In this section, we look at the distribution of the number of arrests on map.
From the figure above, we can observe that arrests which happened in Manhattan, Bronx and Brooklyn are relatively concentrated.In other words, in general, the crimes are possibly happened in any area in Manhattan, Bronx and Brooklyn. We could not say there is a certain region much safer than others in Manhattan, Bronx and Brooklyn. On Queens and Staten Island, the graphs indicate that there are some places that never have an arrest during the this current year.
By the bar plot of the number of arrests based on the borough of NYC, it turns out that the number of arrests occurred in Staten Island is the least consistent with the observation from the map graphs, which is about 1/3 of that in other borough.
This bar plot compares the number of various types of arrests based on the different boroughs of NYC. It is worth to notice that the number of Petit Larceny is relatively high in Manhattan compared to other types of crimes in NYC and the number of Petit Larceny in other boroughs. In general, there is no strong pattern between the types of crimes and the boroughs of the crimes, which are evenly distributed with proportions to their total number of crimes in boroughs.
4.4 Temporal Analysis
We want to explore if there is any monthly or seasonal pattern over time by plotting the number of arrest over time. If crime is tied to activities, the period at which activities end may impact.

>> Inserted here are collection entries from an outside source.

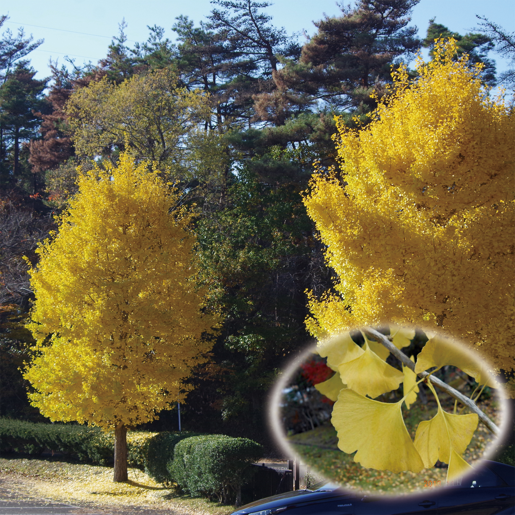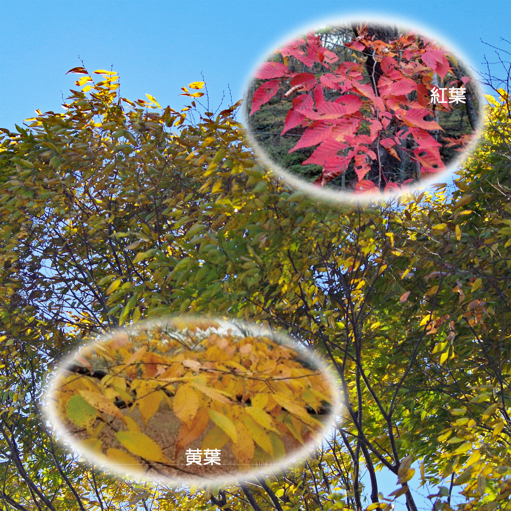 県民の森の紅葉は、記念館前のモミジが真っ赤になるとともに、サツキ園を守るように並ぶケヤキ並木、駐車場入り口のイチョウが黄葉します。イチョウの木が鮮やかな黄色になると、アスレチック付近のモミジ山のイロハモミジやオオモミジのトンネルが見頃になります。やがて、「水辺の道」「モミジの道」「こもれびの道」といった遊歩道に流れるように紅葉があふれるのです。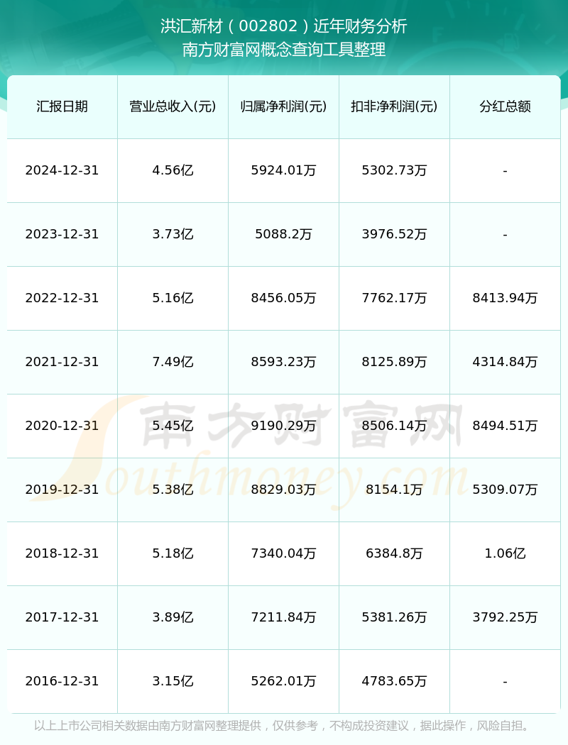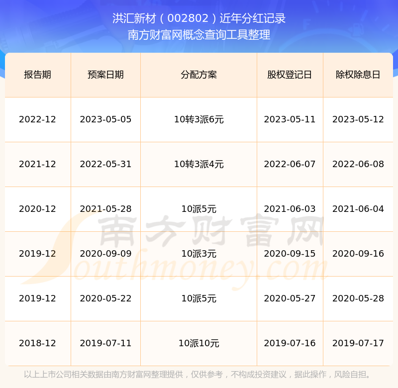 洪匯新材最新一次公布的分紅方案為10轉(zhuǎn)3派6元。本次權(quán)益分派股權(quán)登記日為2023年5月11日,除權(quán)除息日為2023年5月12日,派息日為2023年5月12日。
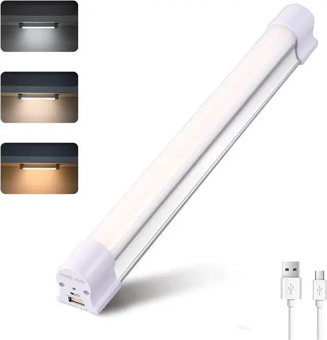 - Stepless Brightness Adjustable- with 3 Lighting ColorWhite light 6000K / Warm-white light 4800K/ Yellow light 3000KA new upgraded dimming method with stepless adjustment. Provide you with more variety of brightness solutions, press and hold the switch, release the button to stay the under cabinet lighting at your desired brightness, multi-function wireless LED fluorescent meet your different need. Premium LED tube light with 10400 mAh capacity battery, support for 80H working time.

This figure shows the number of daily arrests from January 1 2022, to September 30 2022. We can see there is no strong pattern over time. Nevertheless, there is a small increasing during the beginning of 2022 and a slight decreasing around July and August. Paying attention to January 1, 2022, which is the New Year, we can’t conclude that the number of arrests happened on January 1 is higher. The graph shows that the number of crimes is not strongly related to the activities and time.
Then we will try to examine if the number of arrests has association with the day of week. We first need to derive the day of week based on the date. Also with subgroups, we can verify if there is a latent factor.
By plotting the heatmap of the number of arrests in NYC over time categorized by the day of week, we can notice a pattern that there are more arrests during the weekday than during weekends, specifically on Tuesday, Wednesday and Thursday. Moreover, from the graph, we can see that in January and February, overall there are fewer arrests in NYC compared to other months.
We also want to examine if certain types of crime may be more time dependent. For example, more traffic violations when people leave work.
We can see there is no strong relation among the day of week and the type of crimes, which is consistent with the general pattern. That is there are more arrests during the weekdays in general. For the crime type with the highest frequency, assault and related offenses are not time dependent and there is no certain pattern.